Overly complicated and in correct instructions given to Linux users
It seems to me that Linux help sites often give users instructions that are the most confusing way to accomplish a task or even give users instructions that are wrong. Case in point: this morning I was installing the R-Studio on Ubuntu 21.04. R is a statistical programming language commonly used to generate visualizations from csv, Excel file, etc. A package called Tidyverse is an important component, that provides functions such ggplot (a R language command to generate a plot). The R base and the R-Studio IDE installed just fine, but Tinyverse did not. So I dutifully went R website to get instructions that told me that Tidyverse was only available for LTS releases and to try changing my sources list for Tidy to Ubuntu Focal. Of course, this failed.

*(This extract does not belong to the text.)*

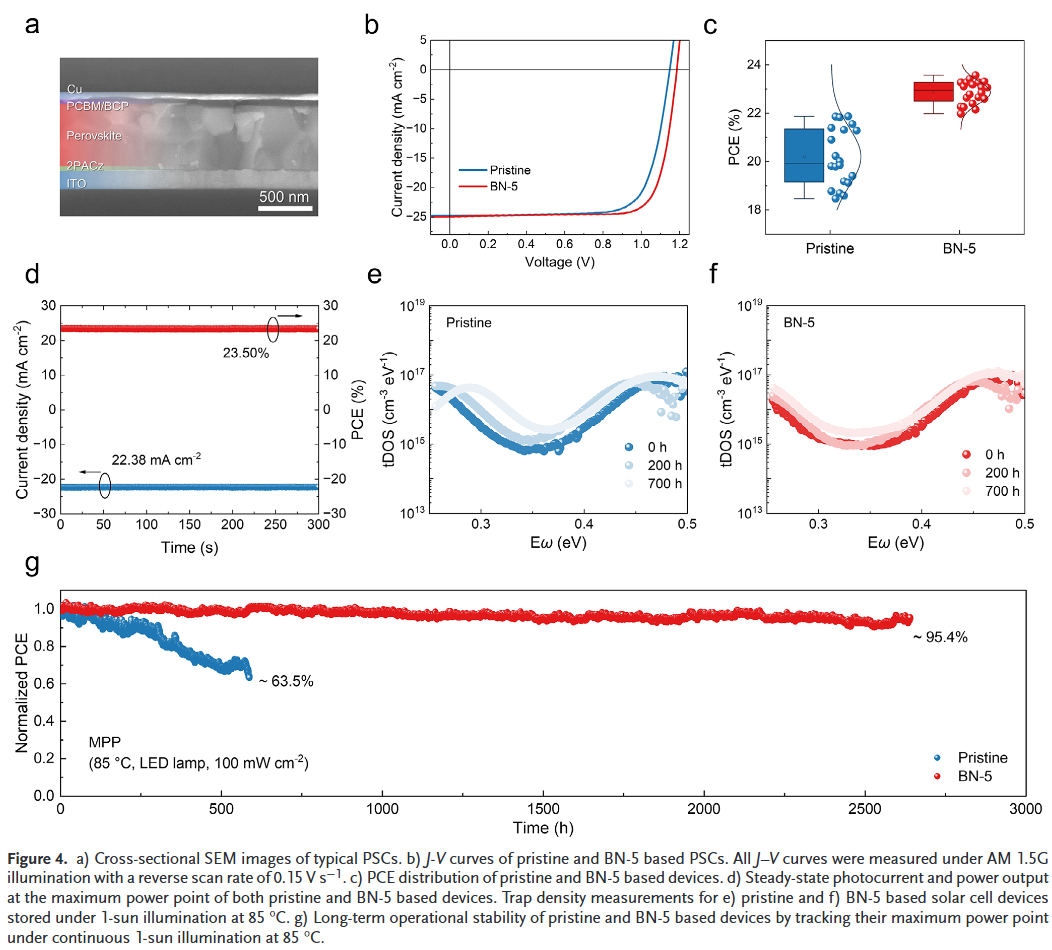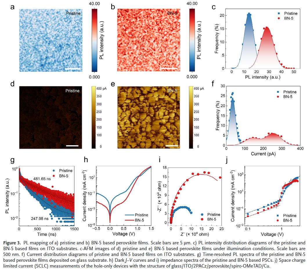 BN-5不仅增强热量耗散,还通过TP与钙钛矿中未配位铅离子相互作用,降低陷阱密度,延长载流子寿命,提升器件光电性能(PCE从21.66%升至23.47%)。

But it turned out that the .deb file of Tidyverse for this version with Ubuntu was available in the Ubuntu repos the whole time. So I got frustrated that Cran (Comprehensive R Archive Network) and R Studio didn't give the simple instructions just to install it from Ubuntu repositories in the first place. It seems to beg the question why didn't Cran and R-Studio just tell users to install Tidyverse from the Ubuntu repos instead of giving such strange instructions and workarounds. But it seems to be a broader issue in Linux. Help sites throw the command line instructions at new users instead of just having them install software from the software center. Sure, for tech-savvy users sudo apt-get install (package) isn't confusing, but does text commands for simple tasks that can be done through the GUI make would-be Linux users switch back? Oh yeah, when the help file incorrectly advised users to change their sources, they didn't tell the users how to do this (again, for experienced users it's easy. Just find Tidyverse in the sources and change the Hirsute to Focal - but how does a new, would-be Linux user know this?)
"What kind of man would put a known criminal in charge of a major branch of government? Apart from, say, the average voter."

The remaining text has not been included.